Mladenov also noted that the November UN Security Council resolution mandating the Board of Peace to oversee Gaza includes a requirement for the PA to undergo significant reforms so that it can replace the NCAG in Gaza “at the end of the transition period.”


Members of the UN Security Council raise their hands to vote in favor of a draft resolution to authorize an International Stabilization Force in Gaza, on November 17, 2025 at UN headquarters in New York City. (Adam Gray/Getty Images/AFP)

Meanwhile, he pushed back on the notion that the Board of Peace and its executive boards will be overseeing the NCAG, arguing that those bodies will instead provide “support, guidance and assistance” to the technocratic committee.

Mladenov said he is focused on getting immediate relief to Gazans.

“Our focus needs to be on making sure that the people of Gaza receive the aid that they require right now, that we put in transparent institutions of governance in Gaza that they have not had for 20 years, and that we make sure that there are no weapons beyond the control of the transitional authority in Gaza.”

He argued that solving the broader Israeli-Palestinian conflict cannot be done if the more immediate issues in Gaza are not addressed.
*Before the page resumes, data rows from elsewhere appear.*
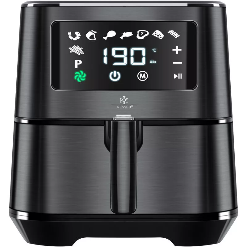 Freidora de aire caliente KESSER 1700W acero inoxidable, Incl. Temporizador, cesta para pan y asas Cool Touch, moderna pantalla táctil con indicadores LED. ¡Se hace más rápido y sabe mejor con KESSER! Con la freidora Kesser®, está eligiendo un auténtico todoterreno para su cocina. Con este aparato, se combinan varias funciones al mismo tiempo: no solo consigue hacer patatas fritas crujientes sin grasa, sino que también puede utilizarlo para cocinar, estofar o asar sus alimentos. De este modo, tendrá un solo aparato para todo y creará más espacio en su cocina. Gracias a los materiales de alta calidad y al elegante diseño, la freidora se integra perfectamente en el conjunto de cualquier cocina. Gracias a su fácil manejo y a las asas Cool Touch, toda la familia puede utilizar esta freidora de aire caliente. Gracias al revestimiento antiadherente de teflón y a la posibilidad de lavarse en el lavavajillas, la freidora también se puede limpiar en un dos por tres. Descripción del producto: •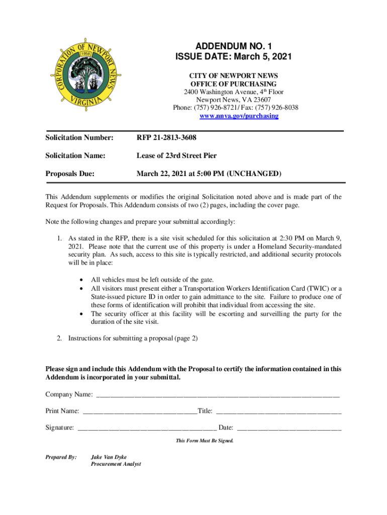 ADDENDUM NO. 1 ISSUE DATE: March 5, 2021, CITY OF NEWPORT NEWS OFFICE OF PURCHASING 2400 Washington Avenue, 4th Floor Newport News, VA 23607 Phone: (757) 9268721/ Fax: (757) 9268038 www.nnva.gov/purchasingSolicitation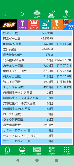- 中チェリーの引けなさが深刻な問題として議論。1800G超のハマりは普通にあり、過去には6000Gハマりの報告も。設定1で約1/210の確率だが青天井のため、引けない時は本当に引けないとの声が多数。マイスロデータで中チェ0回の記録を持つユーザーもおり、パチンコの199なら恐ろしくて打てないとの意見も。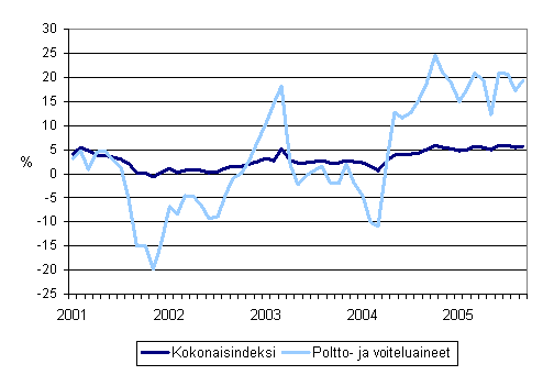 Eniten kokonaisindeksin nousuun vaikuttivat poltto- ja voiteluaineiden kallistuminen sekä palkkojen ja välillisten palkkojen korotukset. Poltto- ja voiteluaineiden hinnat kohosivat vuodessa runsaat 19 prosenttia, palkat vajaat 4 prosenttia ja välilliset palkat noin 5 prosenttia. Vakuutusmaksut kallistuivat vuodessa yli 7 prosenttia.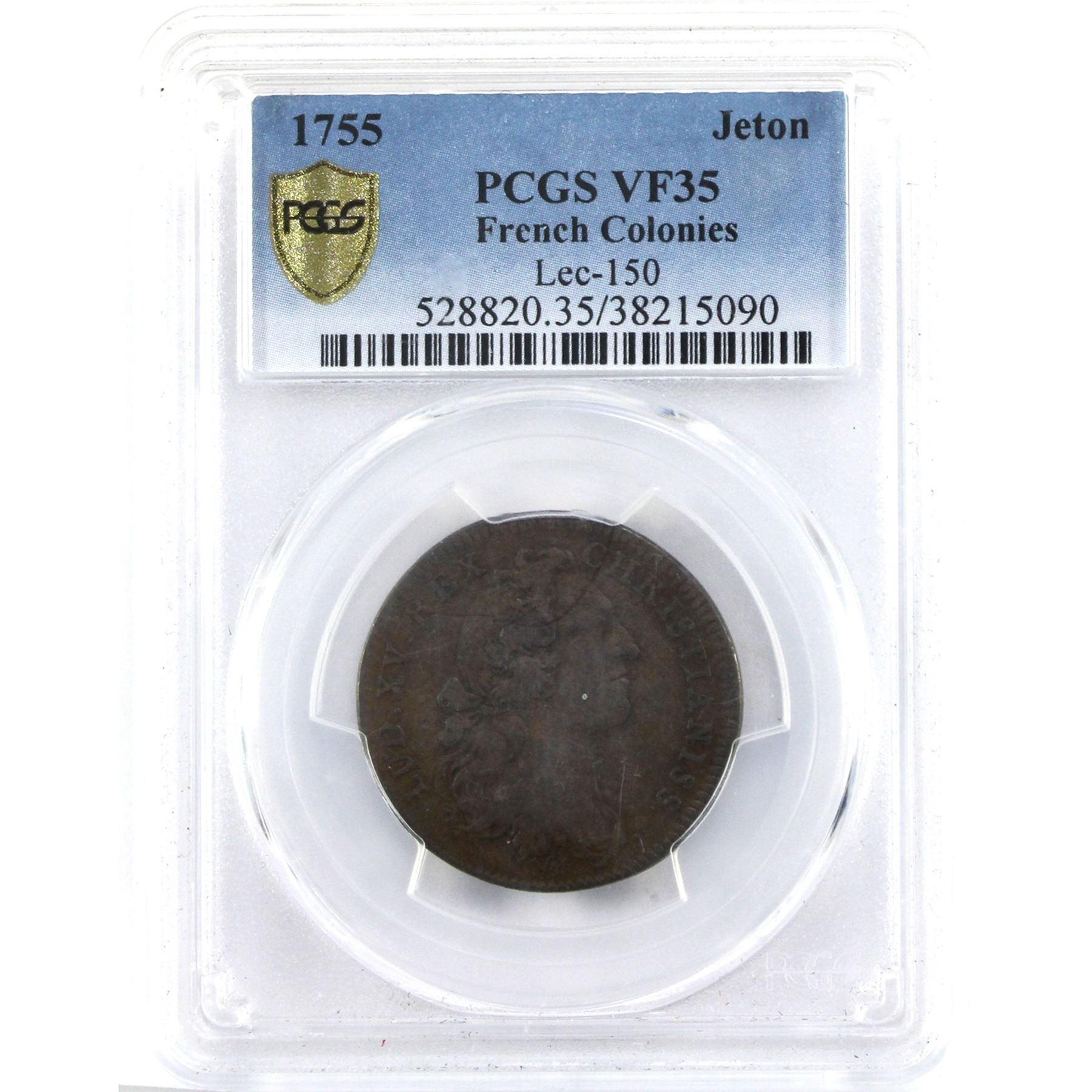 LEC-150, French Colonies 1755 Louis XV Jeton PCGS VF35

“Under the current conditions, with Hamas still in Gaza and Gaza divided into two, we’re setting ourselves up for complete and utter failure if we don’t address that. And the price of that daily failure will be paid both by Palestinians and Israelis down the line,” Mladenov said.


Palestinians look on as trucks carrying humanitarian aid arrive in Khan Younis in the southern Gaza Strip on February 1, 2026. (Bashar Taleb / AFP)

Also participating in the panel was senior Emirati official Anwar Gargash, who laid out the framework of Abu Dhabi’s involvement in Gaza.

While the UAE will not contribute troops to the ISF, it will continue leading the humanitarian efforts and leveraging its ties with Israel so that Jerusalem can “see the other perspective,” Gargash said.

He argued that while the immediate focus in Gaza must be on surging humanitarian aid into Gaza, advancing such a response would be futile without a political horizon for Palestinians.

Asked about the absence of a Palestinian representative on the Board of Peace, Gargash said that this should be changed.

“A more equal situation will be for the Palestinians to have their voice — not only on the Board of Peace, but everywhere. Because they are one of the principles, as much as the Israelis are,” he said.

PA President Mahmoud Abbas was not invited by the US to attend the inaugural Board of Peace meeting in Gaza. An Arab diplomat told The Times of Israel that the PA has sought to recruit its allies to convince the US to offer it a spot on the Board of Peace, but Washington has held off on including Abbas. Instead of Abbas, the US has invited NCAG chief commissioner Ali Shaath to attend the Washington event.

Emanuel Fabian contributed to this report.